This is something anyone could easily verify. When we open a tap slowly, water bends inwards (towards the axis) while maintaining its laminar flow. After a certain height below the opening, the flow becomes turbulent. I've approximately illustrated the shape of water near the top portion in the following diagram:


I tried to explain the above phenomenon based on my knowledge on fluid dynamics. Let us consider the following diagram:

Illustration with annotations

Here, $A_1$ and $A_2$ are the areas of cross-section and $v_1$ and $v_2$ are the speeds of water molecules at two different heights (indicated by dotted red lines).

Since, the shape of water remains fairly constant and the flow is laminar, in a time interval $\Delta t$, the volume of water passing through level 1 must be equal to the volume of water passing through level 2. Mathematically, we can say:

$$A_1v_1\Delta t=A_2v_2\Delta t$$ $$A_1v_1=A_2v_2$$

Or in other words, the product of the area of cross section and the speed remains the same at all heights and this is known as the equation of continuity. Since water molecules are under the gravitation force of attraction, they are accelerated downwards. So, $v_1<v_2$. As the product of area of cross section and the speed must be a constant, $A_1>A_2$. This explains why water bends towards the axis while falling slowly from a tap.

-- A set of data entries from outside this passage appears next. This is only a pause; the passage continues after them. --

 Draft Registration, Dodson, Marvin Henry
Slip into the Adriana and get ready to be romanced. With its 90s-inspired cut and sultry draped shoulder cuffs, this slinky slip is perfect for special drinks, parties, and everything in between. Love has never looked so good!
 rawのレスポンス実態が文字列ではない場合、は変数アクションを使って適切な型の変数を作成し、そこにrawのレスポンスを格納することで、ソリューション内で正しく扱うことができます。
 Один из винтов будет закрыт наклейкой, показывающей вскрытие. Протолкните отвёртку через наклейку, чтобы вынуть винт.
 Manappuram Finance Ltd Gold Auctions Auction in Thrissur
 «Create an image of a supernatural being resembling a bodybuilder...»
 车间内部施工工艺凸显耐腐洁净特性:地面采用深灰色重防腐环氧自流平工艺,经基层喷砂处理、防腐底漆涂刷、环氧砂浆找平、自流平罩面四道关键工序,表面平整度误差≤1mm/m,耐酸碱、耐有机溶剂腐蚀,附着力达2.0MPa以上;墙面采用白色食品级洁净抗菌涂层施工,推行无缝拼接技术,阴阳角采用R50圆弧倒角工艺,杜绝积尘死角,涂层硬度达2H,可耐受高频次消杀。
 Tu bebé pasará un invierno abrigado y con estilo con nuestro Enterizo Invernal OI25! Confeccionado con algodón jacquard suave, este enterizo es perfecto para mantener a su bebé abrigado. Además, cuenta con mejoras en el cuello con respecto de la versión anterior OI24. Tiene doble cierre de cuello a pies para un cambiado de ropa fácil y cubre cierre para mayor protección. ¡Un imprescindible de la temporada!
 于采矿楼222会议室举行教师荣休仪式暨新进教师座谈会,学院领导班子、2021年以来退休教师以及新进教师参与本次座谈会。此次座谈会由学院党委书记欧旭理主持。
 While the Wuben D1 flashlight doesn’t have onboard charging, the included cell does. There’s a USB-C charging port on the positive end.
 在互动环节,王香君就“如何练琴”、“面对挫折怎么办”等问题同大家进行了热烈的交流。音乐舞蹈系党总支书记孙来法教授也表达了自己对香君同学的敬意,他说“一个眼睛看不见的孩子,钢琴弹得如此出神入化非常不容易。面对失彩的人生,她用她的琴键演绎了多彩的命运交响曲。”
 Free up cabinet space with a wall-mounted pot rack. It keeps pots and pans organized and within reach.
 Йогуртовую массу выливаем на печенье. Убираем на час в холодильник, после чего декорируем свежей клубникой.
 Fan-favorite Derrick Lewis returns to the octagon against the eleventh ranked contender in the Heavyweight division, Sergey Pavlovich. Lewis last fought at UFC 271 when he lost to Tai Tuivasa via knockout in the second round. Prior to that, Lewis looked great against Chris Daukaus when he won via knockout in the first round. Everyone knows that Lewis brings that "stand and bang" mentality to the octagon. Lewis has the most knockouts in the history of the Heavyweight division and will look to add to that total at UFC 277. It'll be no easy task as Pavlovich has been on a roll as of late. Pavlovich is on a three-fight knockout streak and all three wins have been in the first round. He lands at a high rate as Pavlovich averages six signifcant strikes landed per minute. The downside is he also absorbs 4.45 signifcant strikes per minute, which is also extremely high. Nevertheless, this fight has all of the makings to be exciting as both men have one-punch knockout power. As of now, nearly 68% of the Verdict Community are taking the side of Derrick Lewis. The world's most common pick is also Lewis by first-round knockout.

But the above explanation fails at much lower heights above the fluctuating flow zone (where flow fluctuates from laminar to turbulent). Let us consider another diagram:

Different flow regions

The area of cross-section remains almost constant at the intermediate heights above the red zone. It doesn't decrease in accordance to the equation of continuity. Further, my method of explanation involves a lot of assumptions and I've also neglected surface tension, viscosity etc. I'm unable to imagine how these forces would affect our results.

Is this a correct reason for "Why does water falling slowly from a tap bend inwards?" or is there any better explanation for this phenomenon?

Image Courtesy: My own work :)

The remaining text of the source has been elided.